The designs for Sunday's luxury bindings were often given by the client. Wherever his own handwriting becomes visible, there is often an effort to find an external form that corresponds to the content. He achieved this through modern binding forms, which he enhanced with quotations from the respective epochs. For Venus and Tannhäuser by Aubrey Beardsley (Verlag Hans von Weber, 1908) he chose a flexible white calf parchment cover with a lid inlay based on a Beardsley design; he provided the Gudrunlied (Verlag Julius Bard, 1910) with an ungilded brown pigskin binding in the style of the 16th century with wooden covers and book clasps; the monumental edition Der Nibelunge Nôt (Munich, Hans von Weber 1911) received a calligraphically inscribed all-parchment cover with wooden covers, and for the drugulin print Anacreontic Oden and Songs (Leipzig, Ernst Rowohlt 1912) he designed a marbled calfskin binding with old fillets in taste of the Rococo.

Memberships

  • German Book Trade Association
  • Society of Bibliophiles
  • Leipzig Bibliophile Evening
  • Jakob Krauße Association of German Art Bookbinders

literature

  • Helma Schäfer: A German bookbinder par excellence - Carl Sonntag jun. (1883-1930) . In: Kieser / Schlenker (Hrsg.): Mitteldeutsches Jahrbuch für Kultur und Geschichte 2013. German Foundation for Monument Protection, Monuments-Publications, Bonn 2013. Volume 20, pp. 84 ff.
  • Helma Schäfer: Modern binding work as an object of binding research: Two Leipzig bookbinders as case studies - Carl Sonntag jun. and Otto Ulrich Fischer. In: Einband-Forschung 2009, No. 24, pp. 87-96
  • Carl Sonntag jun .: From the book cover. In: The Modern Book. The graphic arts of the present. Volume 3, Stuttgart 1910.
  • Carl Sonntag jun .: leather and book cover.

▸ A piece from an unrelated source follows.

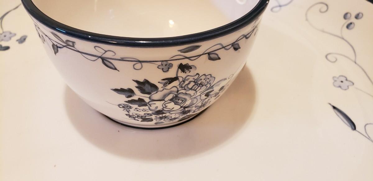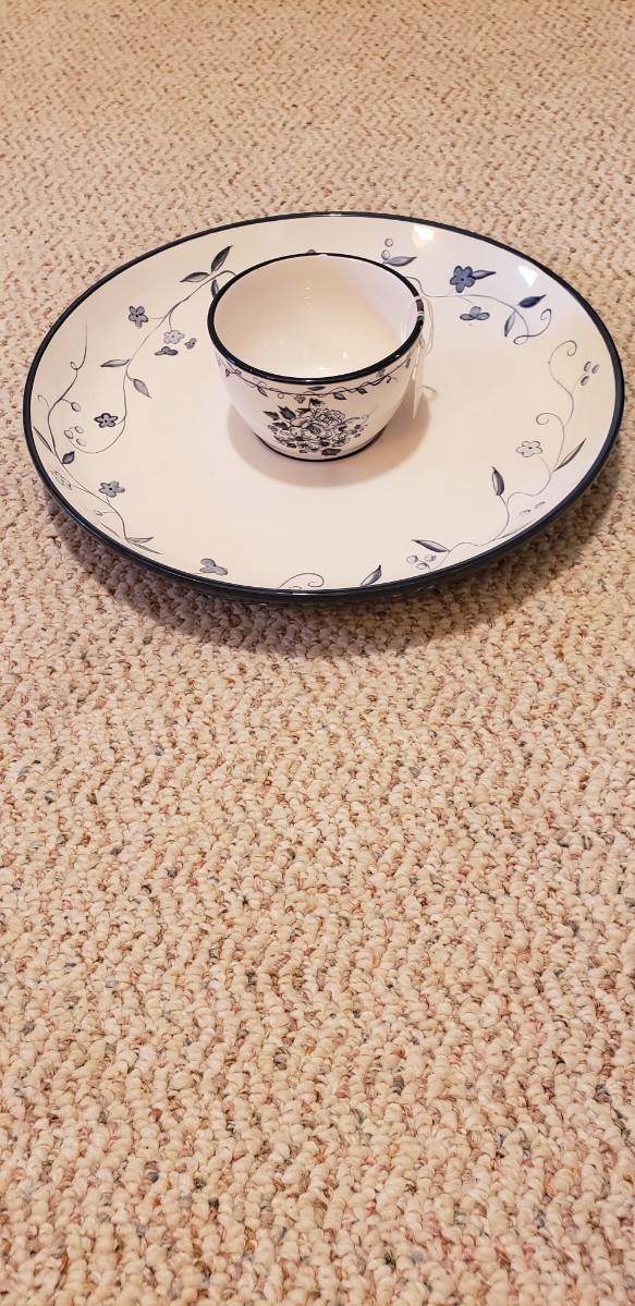 13" diameter ceramic chips & dip set. Bowl is attached. Beautiful farmhouse blue & white in color. No chips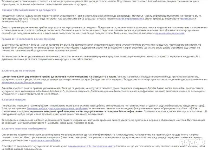 Ако по време или след упражненията усещате болка (където и да е), това означава, че не напрягате правилната група или напрягате и други мускулни групи. При правилно извършване на упражненията не би следвало да изпитвате болка или дискомфорт след това.

In: Zwiebelfisch 3rd year 1912, issue 5 and 6 Munich, Verlag Hans von Weber 1912.

Web links

Individual evidence

  1. ^ Carl Sonntag junior: Letter to Christian and FW Kleukens , August 14, 1908. In: Harald Ernstberger, Bibliography of the Ernst Ludwig Press , Kleukens Archive Darmstadt, undated, archive number ELP 02g / h
  2. Archive for Buchgewerbe 49.2, 1912, No. 11/12, November-December 1912
  3. Paul Kersten: The parchment volume of Frieda Thiersch . In: Onion Fish 14, 1922, Heft 1–3, pp. 14–18.
  4. ^ Carl Sonntag jun .: Precious book bindings of the XV. until XIX. Century . CG Boerner, Leipzig 1912.
  5. ^ Regine Dehmel (Ed.): Jewish book ownership as looted property. Second Hanover Symposium . In: Journal for Libraries and Bibliography , special issue 88, Frankfurt / M., Klostermann 2006.
  6. ^ Archives for the book trade. Founded by Alexander Waldow. Volume 47, February 1910, issue 2, page 33. Published by the German Book Trade Association, Leipzig 1910.